読者の皆様のお陰です、ありがとうございます!!!!!!

歓喜して例のごとくマウスが吹き飛びました。


後、新作を始めました。

基本そちらはごくまれに更新する程度ですが。

興味があれば、読んでみてください。


https://ncode.syosetu.com/n4154he/

転生悪役令嬢の、恋患い~されど想いは、秘めるもの~尊すぎる推しは、可愛いヒロインと結ばれるべきなのです!私の脇役道を邪魔しないでください!



今回短めです。

短剣を受けとる。


「ありがとう、ございます。……これは?」

「その短剣には、我が家の紋章が刻まれている。それを持つことは、我が家が君の後ろ盾となっていることを証明することになる」


言われて、俺は受け取った短剣を眺める。


黒い柄にあしらわれた、緻密な彫刻。

そして、黄金の鞘に刻まれた、複雑な絵。


その絵に、何か奇妙な既視感がある。

眉根を寄せて考え込む俺に、ジェームスは何か面白いものを見る目で饒舌に告げる。


「その鞘に刻まれているのが我が家の紋章だ。それは、遥か昔からこの土地、絶望の森から国を守るためにあるこの地を守り抜いてきた我が祖先が、殿下より授けられた紋章で、絶望の森に居るとされる不死鳥をモチーフにしているのだけど……見覚えがあるのかな?」

「……いえ」


不死鳥……。
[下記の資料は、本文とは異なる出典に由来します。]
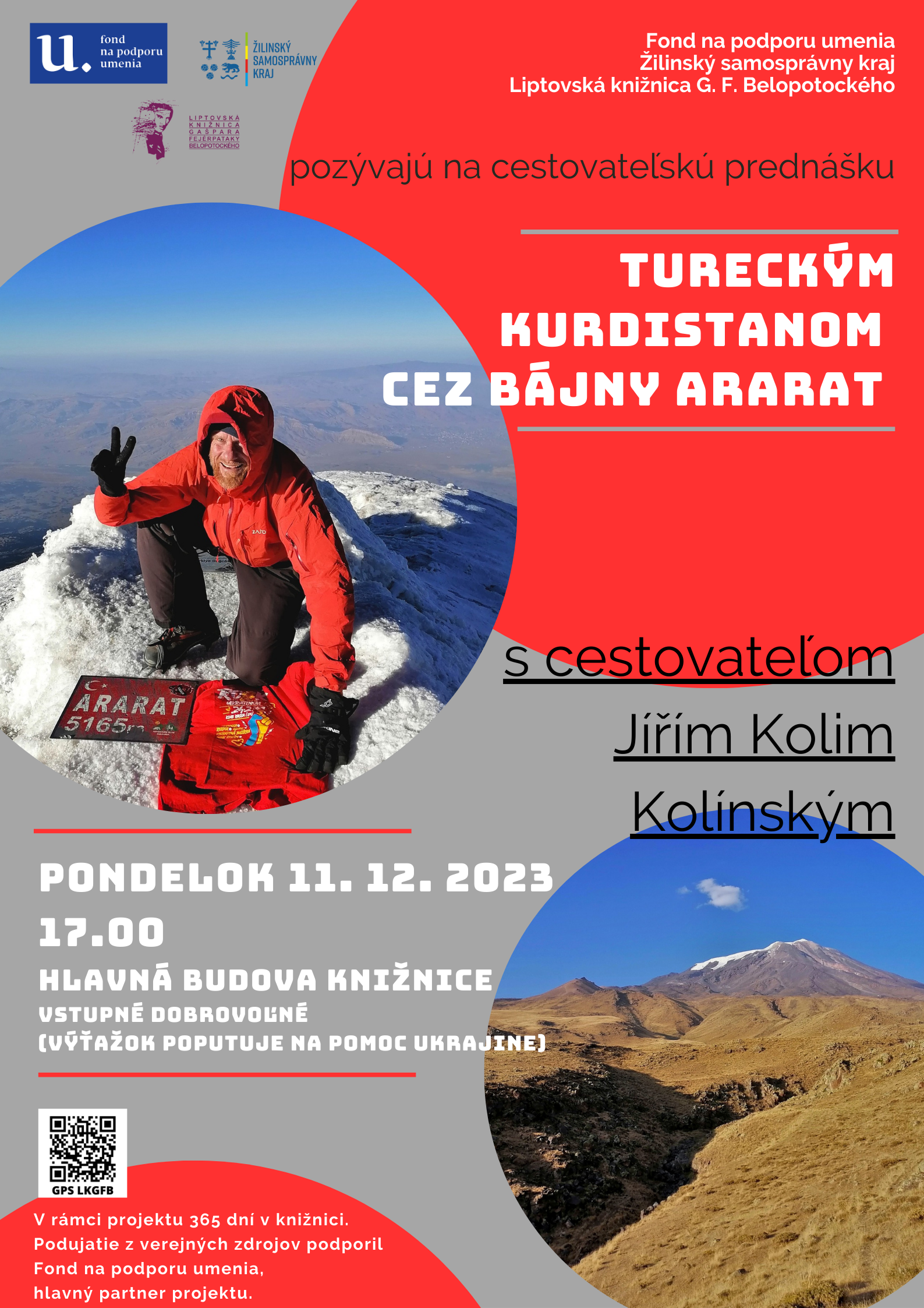 Tureckým Kurdistanom cez bájny Ararat – cestovateľská prednáška s Jířím Kolim Kolínským, 11. december 2023 od 17.00 hod. v multimediálnom úseku liptovskej knižnice.

あのクソ鳥か!!


散々俺を苦しめてくれたクソ鳥が、こちらでは紋章になっているとは。

奇妙な縁もあるものだ。


内心ではクソ鳥へのどす黒い思いが渦巻いていようとも、顔や仕草には出さない。

知っているのは不審がられるだろうしな。


そんな風に表情を殺す俺を、僅かな狂気の宿る、二つの目が見つめていたことには気付かず――。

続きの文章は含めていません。